2006年7月8日(土)「しんぶん赤旗」
トンネルじん肺訴訟
切実な思い 実る
原告団など声明 国に協議の場要求
全国トンネルじん肺根絶原告団と同弁護団、全日本建設交運一般労働組合は七日、東京地裁が国の賠償責任を命じた全国トンネルじん肺根絶訴訟の勝訴判決をうけ、声明を発表しました。
声明は「(判決は)規制権限の不行使の責任を厳しく断罪するもので、じん肺根絶の闘いにとって極めて大きな意義があり、高く評価することができる」とし、「じん肺患者と遺族たちが、じん肺を根絶したいとの切実な思いで、団結して闘った成果である」とのべています。
また「トンネルじん肺は過去の問題だけではなく、現在、さらには将来の問題である」。「トンネル工事の発注者であり、じん肺防止の行政責任を負っている国は本判決を契機に、私たちとの協議の場を設け、これまでのじん肺防止の施策を抜本的に見直し、粉じん則等の改正整備に着手すべきである」とのべています。
国は控訴断念を
仁比議員
国会で粉じん作業の実態を告発し是正を迫ってきた日本共産党の仁比聡平参院議員(党国会議員団じん肺対策プロジェクトチーム事務局長)は、次のように語りました。

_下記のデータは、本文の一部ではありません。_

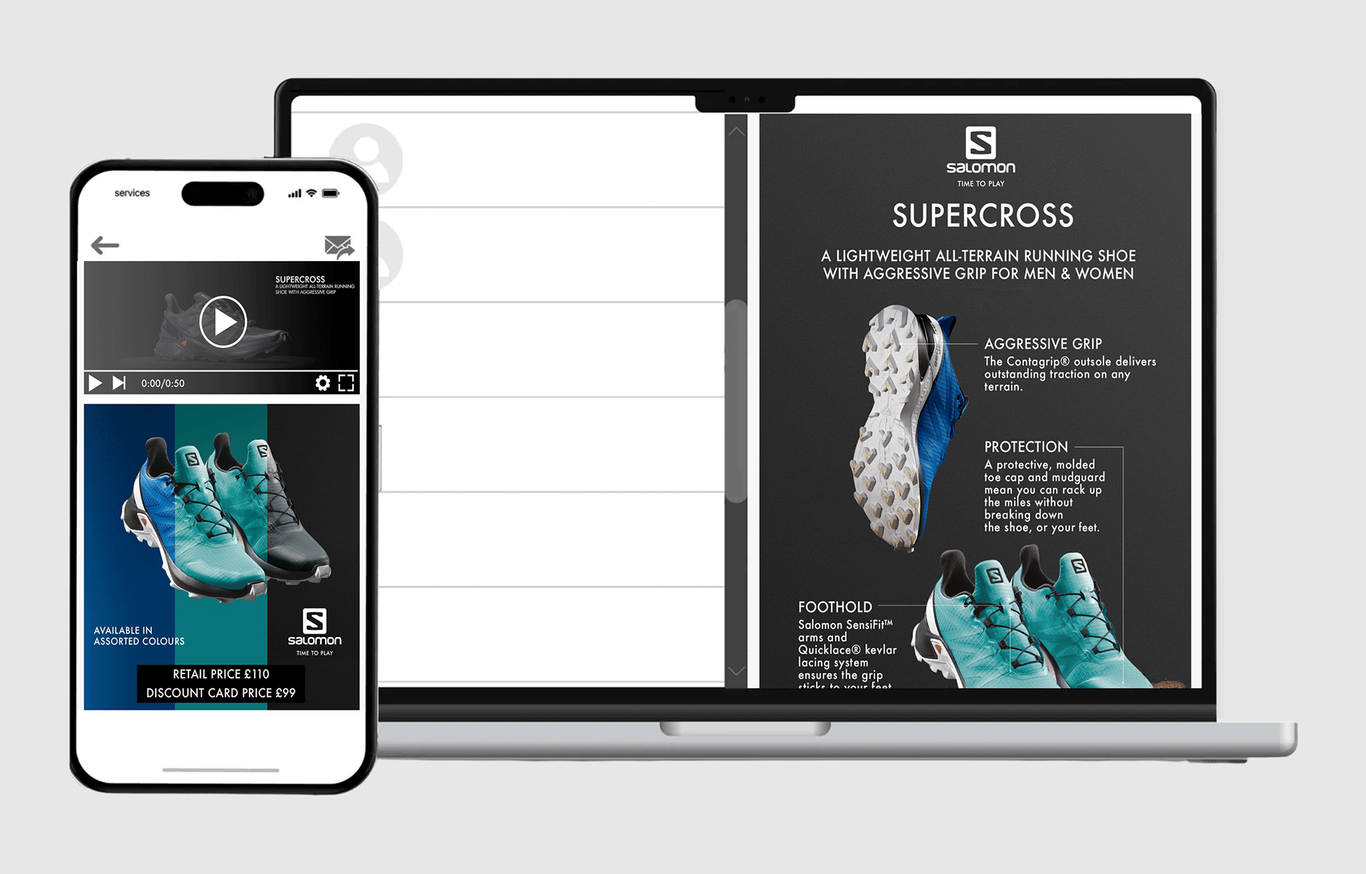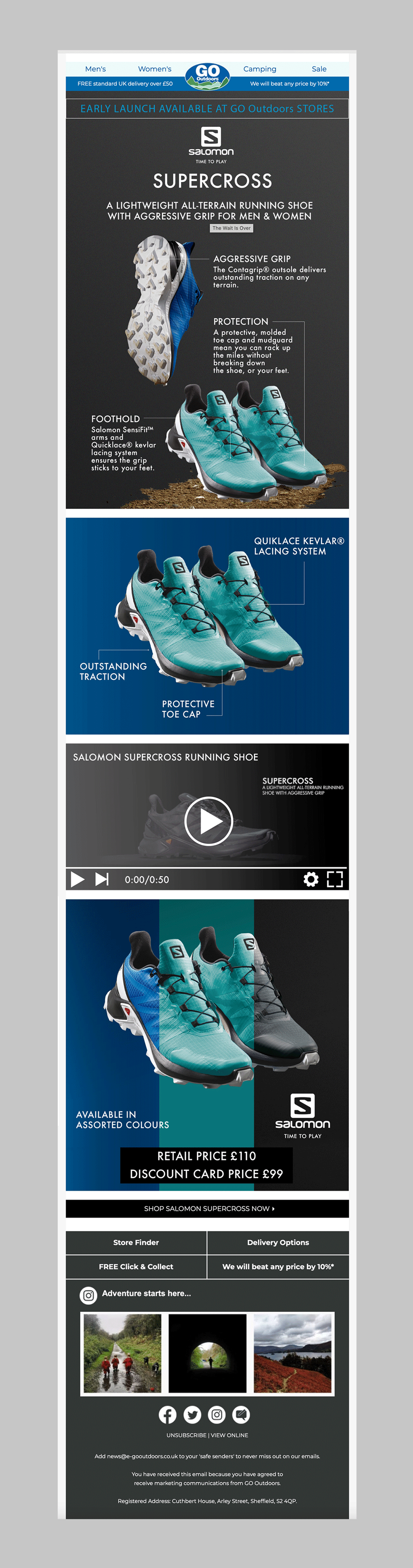A collaboration email between Salomon and GO Outdoors to promote the new Supercross all-terrain running shoe. Included a promotional embedded video. Single full width design to work on mobile, tablet and desktop screens.
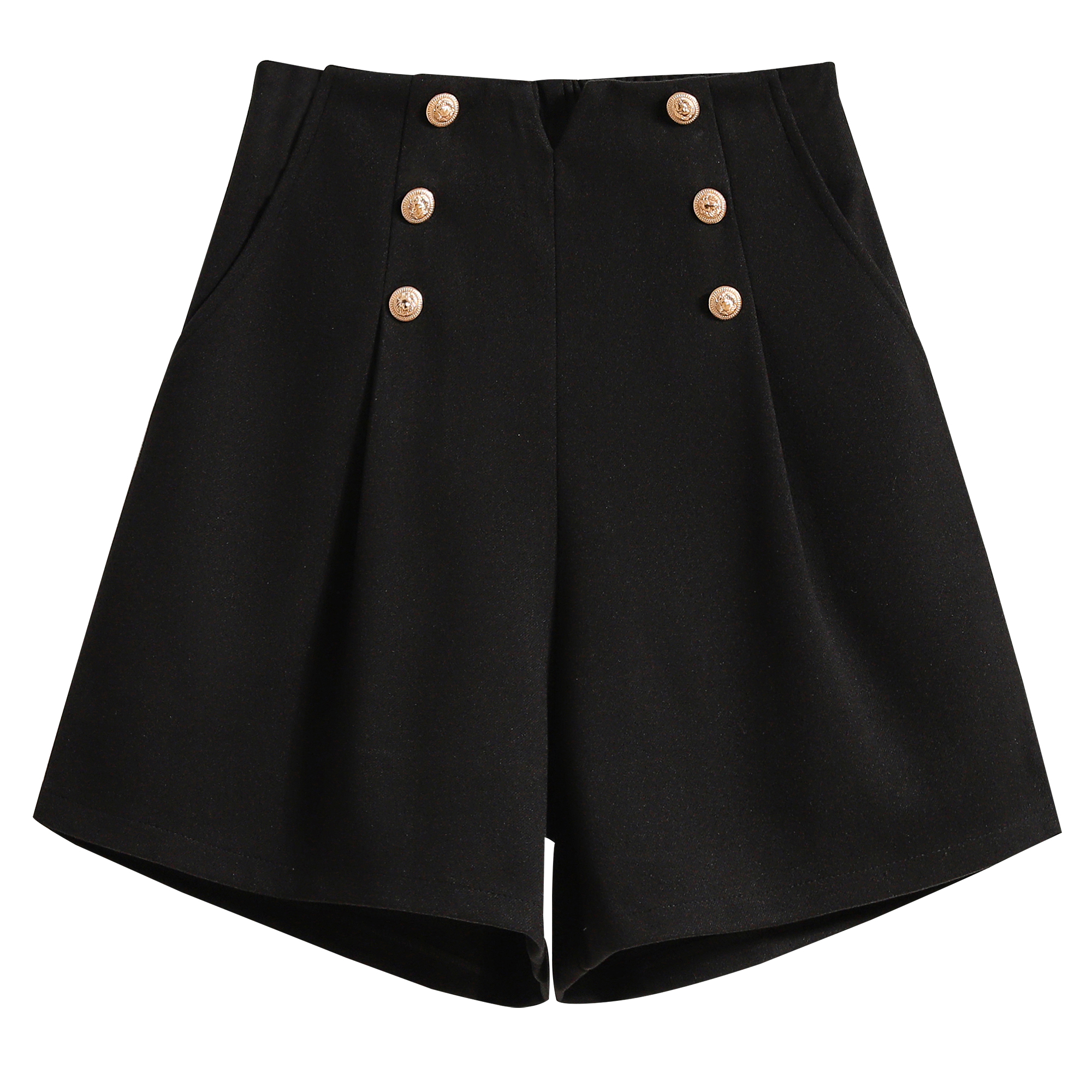 潮流时尚 高级排扣毛呢百搭靴裤 洋气减龄短裤 新款 2025秋季 胖MM韩版
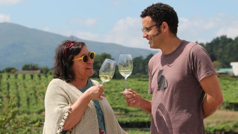 En lo que sucede en el Pazo de Almuíña reside parte de la magia de Os Xoves de Códax. «Este espacio, este tiempo, que es algo de lo que no dispongo en estas fechas, es una maravilla», reconoce Jairo, fascinado con la oportunidad de hacer un alto en su intensa gira musical para poner en común su trabajo con el de Uxía. A ello ayuda el entorno, una casona antigua completamente rodeada de viñedos en la que se respira tranquilidad. Con el río a solo unos pasos y un sinfín de rincones diferentes en los que inspirarse, en los que compartir música. Aquí, ambos han descubierto que, aunque sus estilos son diferentes, tienen mucho en común. «Los dos somos curiosos y nos gusta experimentar y compartir músicas de otras latitudes», asegura Uxía. «Hay tantos colores ahí fuera que es una pena no aprovecharlos y nutrirte de ellos», ratifica Jairo. «Eso coincide mucho con mi visión de la música. Depedro forma parte de esa gran familia de músicos con los que tengo afinidad y con los que comparto mi afinidad por Narf», insiste la cantante, quien sostiene que lo que empezó en el Pazo de Almuíña «es solo el principio». La artista lleva ya siete años participando en el ciclo estival y le avanza que «la experiencia en la bodega va a ser mágica. Es un momento único en el que el sol se pone sobre la ría, el vino... Todo ayuda a crear complicidad», le cuenta a Depedro. «Me parece maravilloso que alguien externo al mundo de la música cree una plataforma de la que puedan surgir estos encuentros. No tengo más que agradecimiento», añade Jairo. «La música y el vino hacen un buen maridaje y ya dicen que un buen vino es el que te hace cantar», concluye Uxía. Y todo ayuda. Porque lo cierto es que en el concierto que ofrecieron solo unas horas después, el público pudo disfrutar con esa magia.
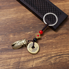 仿黄铜一帆风顺知了五帝钱汽车钥匙扣挂饰地摊货源展销...
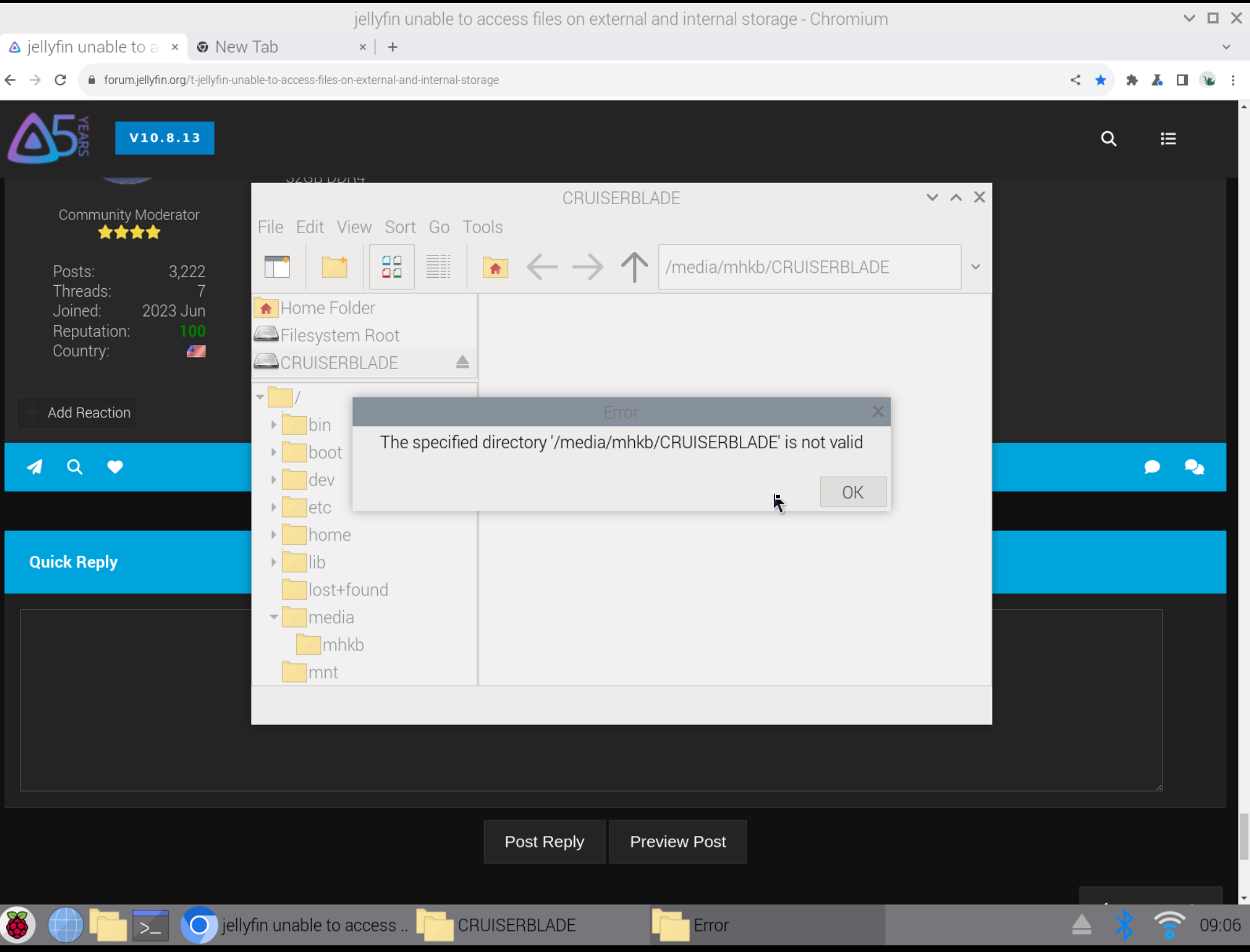 then i searched the web and ran some command (i forgot which cmd it was) and got access to usb stick in file explorer but now jellyfin cannot access both USB stick and SD Card .
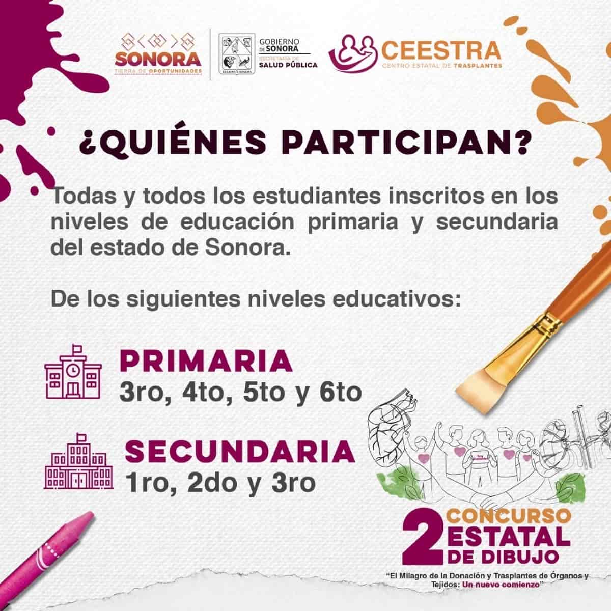 HERMOSILLO, SONORA. MX. — La Secretaría de Salud Pública (SSP) del Gobierno de Sonora, a través del Centro Estatal de Trasplantes (Ceestra), recuerda a estudiantes de primaria y secundaria que quedan pocos días para sumarse al Concurso Estatal de Dibujo “El Milagro de la Donación y Trasplantes de Órganos y Tejidos: Un Nuevo Comienzo”. La fecha límite de entrega es el 27 de febrero.

「新幹線や高速道路など国策としてすすめられるトンネル公共事業で、労働者はゼネコンを頂点とする重層下請け構造のもとで働かされ、今日なお多数のじん肺患者が発生し続けています。じん肺患者とご家族の苦しみは悲惨を極めています。政府が、『おれたちを人間として扱え』の声に応えて控訴を断念し、じん肺とすべての労災職業病の救済と根絶の立場に立つことを、強く求めます」
解説
現在・将来の救済に光
七日の東京地裁判決が国の責任を断罪したことは、過去のじん肺被害の賠償認定にとどまらない大きな意義をもっています。
公共事業のトンネル工事などで、現在でも多数のじん肺患者が生まれ、労災認定を受けています。療養が必要な重症のじん肺患者のうち、トンネル建設作業員は一九七八年から二〇〇四年までに九千人余にのぼります。ところが、国は現在も作業現場で、粉じん測定・評価すら義務付けないまま危険な労働環境のもとで働かせています。
トンネル工事の発注者であり、じん肺防止の行政責任を負う国が、これまでのじん肺防止対策を見直し、省令や規則の改正に着手することは「待ったなしの緊急課題」です。